Currently the fees are often calculated into the list price of a drug product, and that could “function as a disguised kickback,” the proposed rule said.

HHS added that the terms of PBM agreements with drugmakers should be “transparent to health plans. Health plans may be better able to identify and protect themselves from conflicts of interest if they know with some specificity the fees manufacturers are paying PBMs and the services PBMs are rendering manufacturers.”

The Pharmaceutical Research and Manufacturers of America, the industry’s top lobbying group, immediately praised the rule for focusing on patients.

“We need to ensure that the $150 billion in negotiated rebates and discounts are used to lower costs for patients at the pharmacy,” said Stephen Ubl, president and CEO of PhRMA.
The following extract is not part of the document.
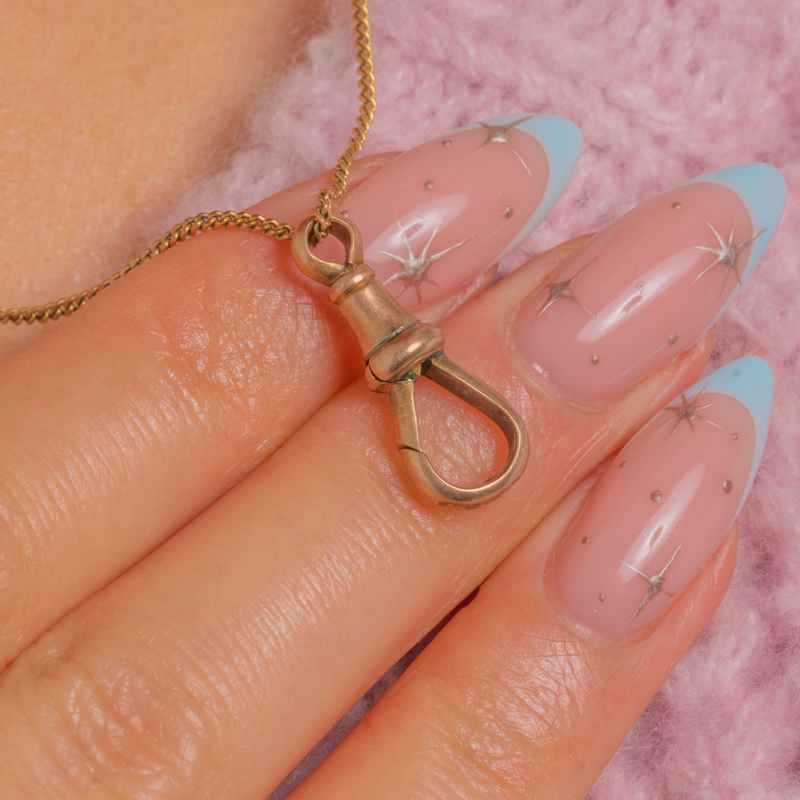 Stamped 9CT with maker’s mark GLW, it’s a versatile, wearable connector—perfect for suspending charms and pendants or finishing a favourite chain. The spring mechanism is neat and secure, offering a chic, functional accent you’ll reach for again and again.

However, the Pharmaceutical Care Management Association, the main PBM lobbying group, blasted eliminating the safe harbor protection for rebates.

The move would “increase drug costs and force Medicare beneficiaries to pay higher premiums and out-of-pocket expenses, unless there is a viable alternative for PBMs to negotiate on behalf of beneficiaries,” the group said in a statement.

The proposed rule projects that if the rule leads to lower prices then it could raise Medicare premiums by three dollars a month. But any increase in premiums would be more than offset by the lower drug prices, according to a senior administration official on a Thursday call with reporters.

HHS will accept comments on the proposal for the next 60 days. Once the proposed rule is finalized, then industry will have 60 days to implement it.